So how come we’re able to navigate in such a complex world, communicate in such complicated languages, and discover laws of nature through science by thinking hard enough, if for every problem *we* successfully solve the mathematics has an evil copy of? The answer seems to be that these evil copies are very rare. And I believe there’s a reason for that.

Let’s get back to the theorem. Recall, that is essentially based in the fact that for a fixed training set you can vary test set as you wish. How complicated (for some intuitive notion of complexity) does that make the distribution \(p(y|x)\) that makes perfect predictions for a given \(x\)? Well, if it had one regularity pattern in the training set, and then suddenly changed this pattern in the test set to something completely different, that’d make the target distribution \(p(y|x)\) more complicated. So, even if every good problem (i.e. one we, humans, can solve) has an evil twin, twin’s complexity should be higher due to way more complex regularity pattern.
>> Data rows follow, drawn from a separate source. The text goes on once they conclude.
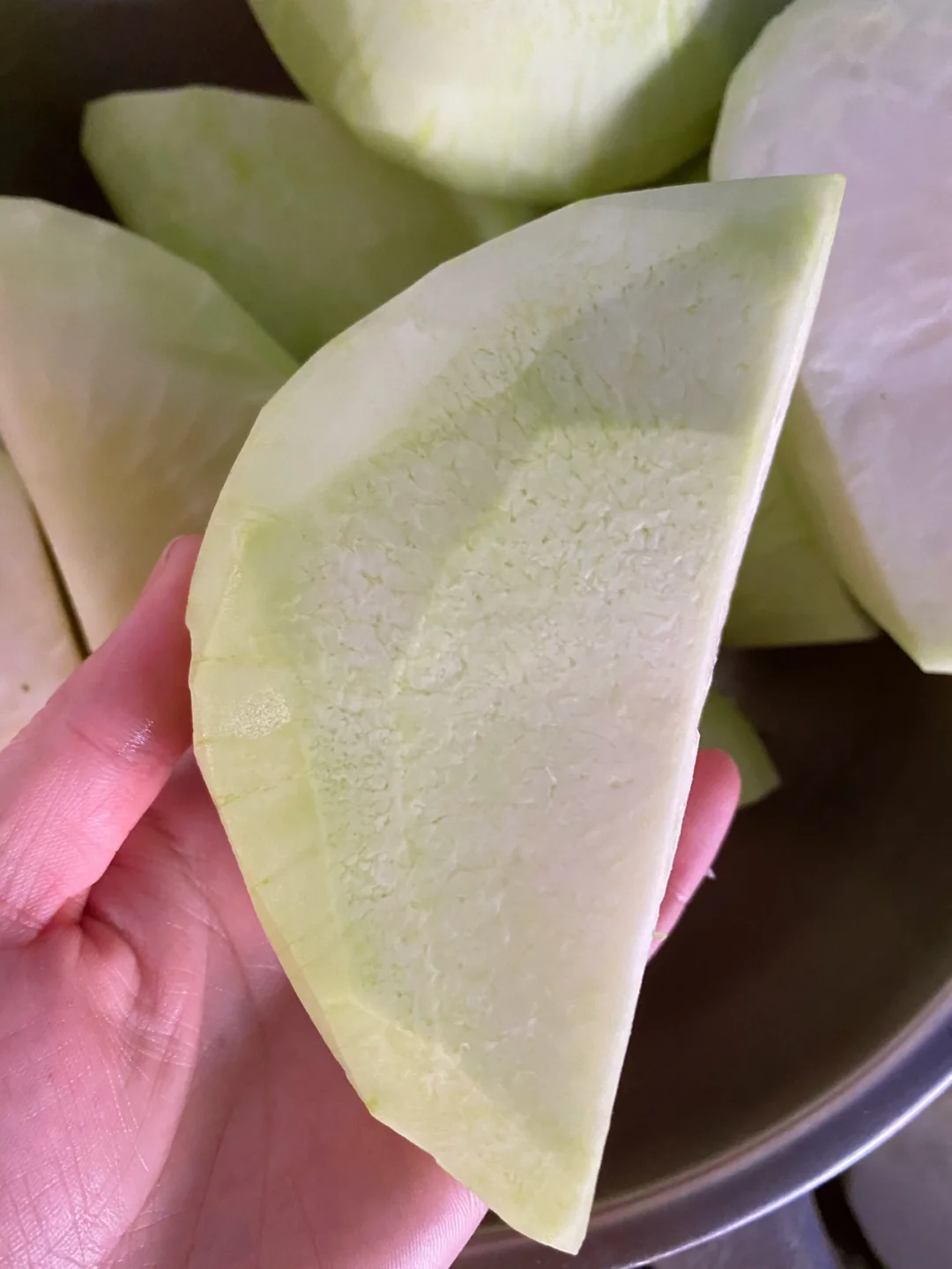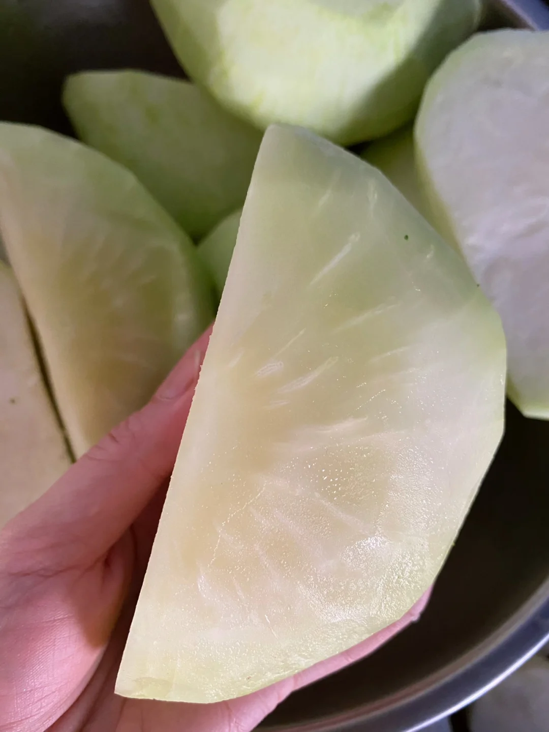 这个是腌制三天的效果,一点水都不用放,芥菜自己出来的水,就把芥菜没过来了。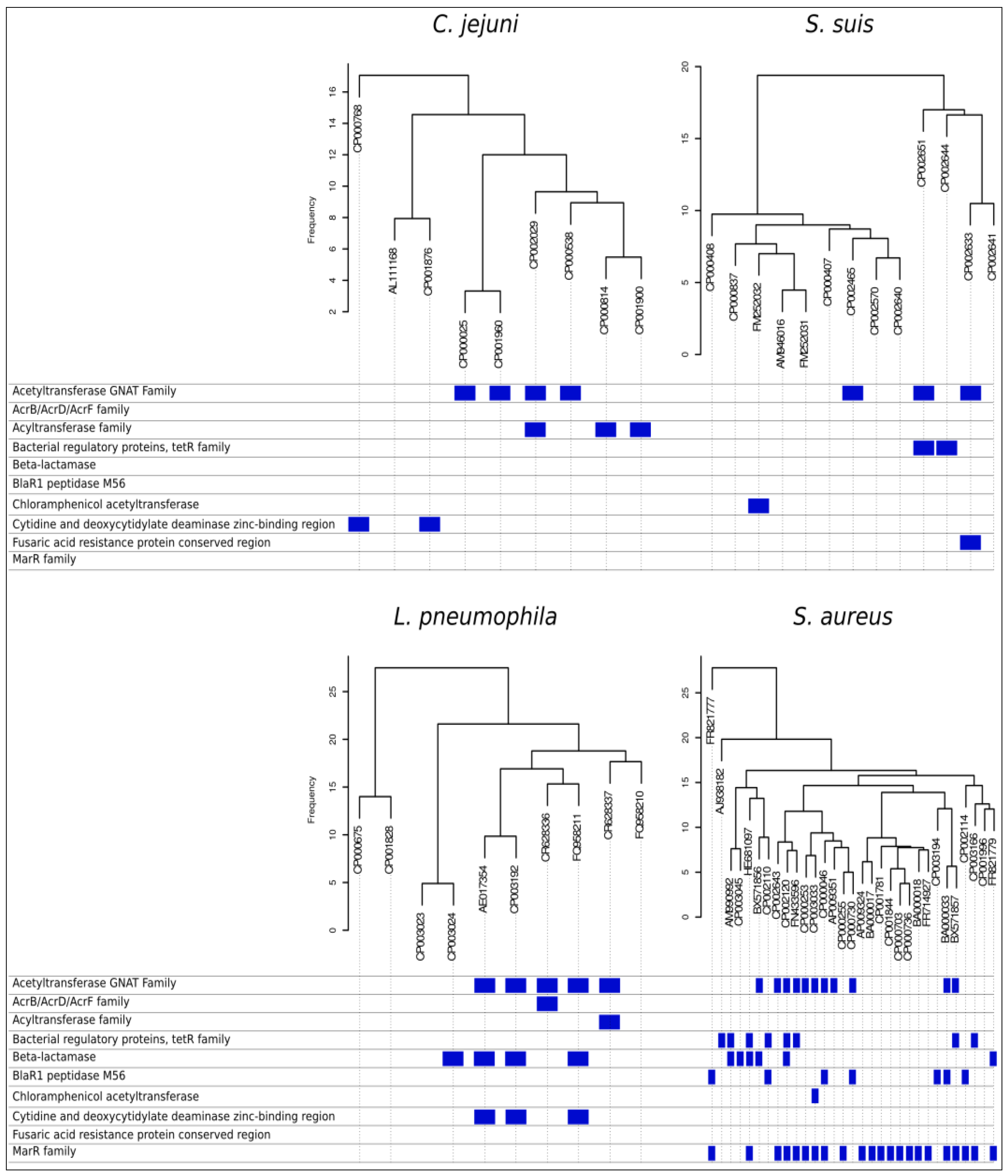Antibiotic resistance factors. Dendrograms shows distribution among strains of C. jejuni, S. suis, L. pneumophila and S. aureus based on presence/absence of orthologues genes. For each genome, the presence of dispensable genes related with antibiotic resistance is identified, and by applying automatic pan-genome analysis, the pipeline is reported.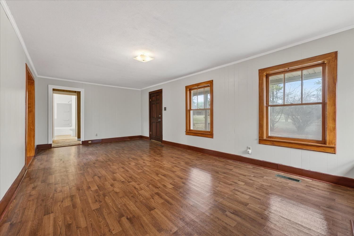 Charming home situated on approximately 12+ beautiful acres, offering privacy and a peaceful country setting. This 3-bedroom property features hardwood floors and timeless character throughout. Surrounded by mature trees with a long driveway, the setting is ideal for those seeking space, tranquility, or potential acreage use. A rare opportunity to own a classic home with land.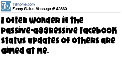 X I often wonder if the passive-aggressive Facebook status updates of others are aimed at me.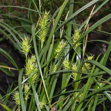 Perennial to 1.3 m from long, dark, scaly, rhizomes; stems smooth, solitary or few; basal sheaths persistent, reddish to brownish; leaves septate-nodulose, to 1.5 cm wide, the uppermost (excluding bracts) with a sheath 1.5-2.5 cm; spikelets cylindric, pedunculate; staminate spikelets single, terminal, to 8.5 cm long; perigynia more than 1 cm long, lance-ovate; stigmas 3; style persistent; achenes trigonous, typically longer than broad.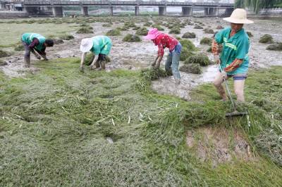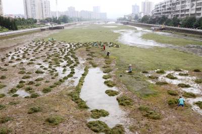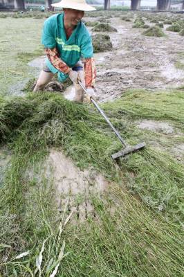 2018年7月9日,民间河流保洁人员在房县城区西河清除枯萎的水生植物。房县河流卫士来自民间群众,主动参与打捞河流水面垃圾、清除河道内枯萎的水生植物,保洁沿河两岸的卫生,是“护理”清水河的主力军。目前,当地民间河流卫士保洁全县314条河流水生态环境形成常态化,水清、河畅、景美成为鄂西北地区生态河流的一张名片。
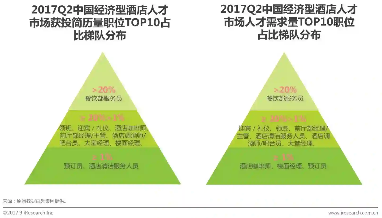2017Q2餐饮部服务员获投简历量和需求量占比均居首位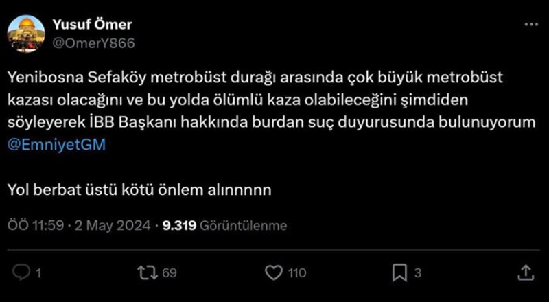 X'te paylaşım yapan 'Yusuf Ömer' adlı vatandaş2 Mayıs 2024 tarihinde yaptığı paylaşımda kaza yaşanabileceğini belirterek şunları yazmış: Yenibosna Sefaköy metrobüs durağı arasında çok büyük metrobüs kazası olacağını ve bu yolda ölümlü kaza olabileceğini şimdiden söyleyerek İBB Başkanı hakkında buradan suç duyurusunda bulunuyorum.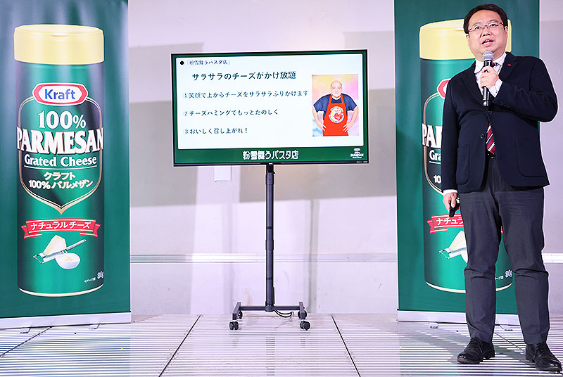 「物価高騰等の背景から、飲食店で粉チーズが有料化されている店が多くなっています。そんななか、サラサラなパルメザンチーズを思う存分お愉しみいただきたいとの想いからオープンしました」(森永乳業 チーズ事業マーケティング部 伏見隆之さん)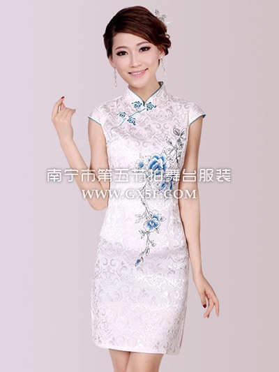 07G156A女白色包肩青花瓷刺绣花复古短旗袍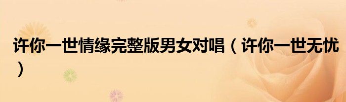 您好,今天帅帅来为大家解答以上的问题。许你一世情缘完整版男女对唱,许你一世无忧相信很多小伙伴还不知道,现在让我们一起来看看吧!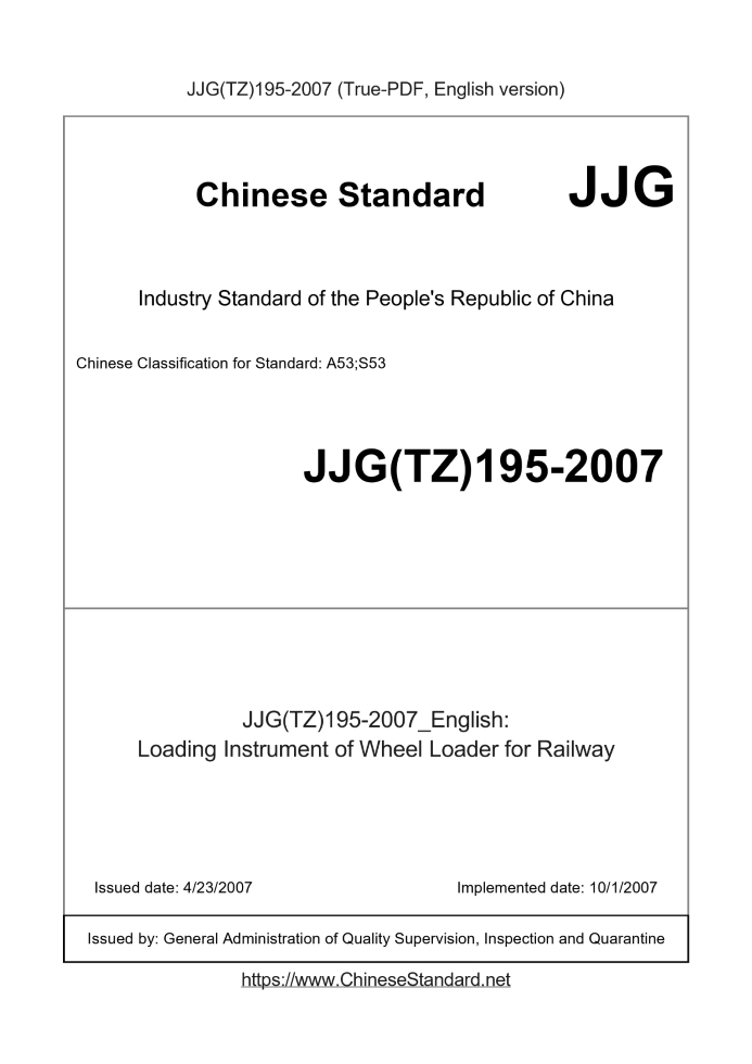 Basic dataStandard ID: JJG(TZ)195-2007 (JJG(TZ)195-2007)Description (Translated English): Loading Instrument of Wheel Loader for Railway Sector / Industry: Metrology & Measurement Industry Standard Classification of Chinese Standard: A53;S53 Classification of International Standard: 17.060; 45.060 Word Count Estimation: 13,122 Date of Issue: 4/23/2007 Date of Implementation: 10/1/2007 Quoted Standard: JJG 539-1997; JJG 648-1996; JJG 907-2003 Issuing agency(ies): General Administration of Quality Supervision, Inspection and Quarantine Summary: This standard applies to the installation of the railway yard and other handling establishments used for controlling the loading wheel loader wheel loader loading monitor the initial verification, testing and use of the follow-up inspection. Tips & Frequently Asked Questions:Question 1: How long will the true-PDF of JJG(TZ)195-2007_English be delivered?Answer: Upon your order, we will start to translate JJG(TZ)195-2007_English as soon as possible, and keep you informed of the progress. The lead time is typically in 9 seconds (download/delivered in 9 seconds). The lengthier the document the longer the lead time.Question 2: Can I share the purchased PDF of JJG(TZ)195-2007_English with my colleagues?Answer: Yes. The purchased PDF of JJG(TZ)195-2007_English will be deemed to be sold to your employer/organization who actually pays for it, including your colleagues and your employer's intranet.Question 3: Does the price include tax/VAT?Answer: Yes. Our tax invoice, downloaded/delivered in 9 seconds, includes all tax/VAT and complies with 100+ countries' tax regulations (tax exempted in 100+ countries) -- See Avoidance of Double Taxation Agreements (DTAs): List of DTAs signed between Singapore and 100+ countriesQuestion 4: Do you accept my currency other than USD?Answer: Yes. If you need your currency to be printed on the invoice, please write an email to Sales@ChineseStandard.net. In 2 working-hours, we will create a special link for you to pay in any currencies. Otherwise, follow the normal steps: Add to Cart -- Checkout -- Select your currency to pay. |

Thus, I’m sure more complicated problems and objects are less likely in the Universe. Otherwise, we’d not be able to have such a complicated life with our particular instance of a learning machine, implemented in our brain. The NFL theorem states there are hard problems out there, but doesn’t say anything how common they are, implicitly assuming uniform distribution, which seems to disagree with our observations.

### Other impossibility results

Another similar result is the halting problem, which states that given any program, you’d not be able to determine if it stops with 100% accuracy. However, this does not mean that every program’s halting is undecidable. For example, for linear bounded automata one actually can decide if a program for this automation halts (thought that might require some astronomical amount of memory). This result only states there’s no universal decider, and every particular class should be inspected separately.

To recap, the idea of this post is that even though the theory seemingly limits our capabilities, we should not get discouraged by these results, as they are way more general than we need in practice. Quite often we can still solve real problems due to the fact that the general case includes some really weird functions, but reality does not.

Well, we don’t have other baselines, so it’s hard to tell if they indeed work well. But still, human brains are the best learning machines known to humanity.↩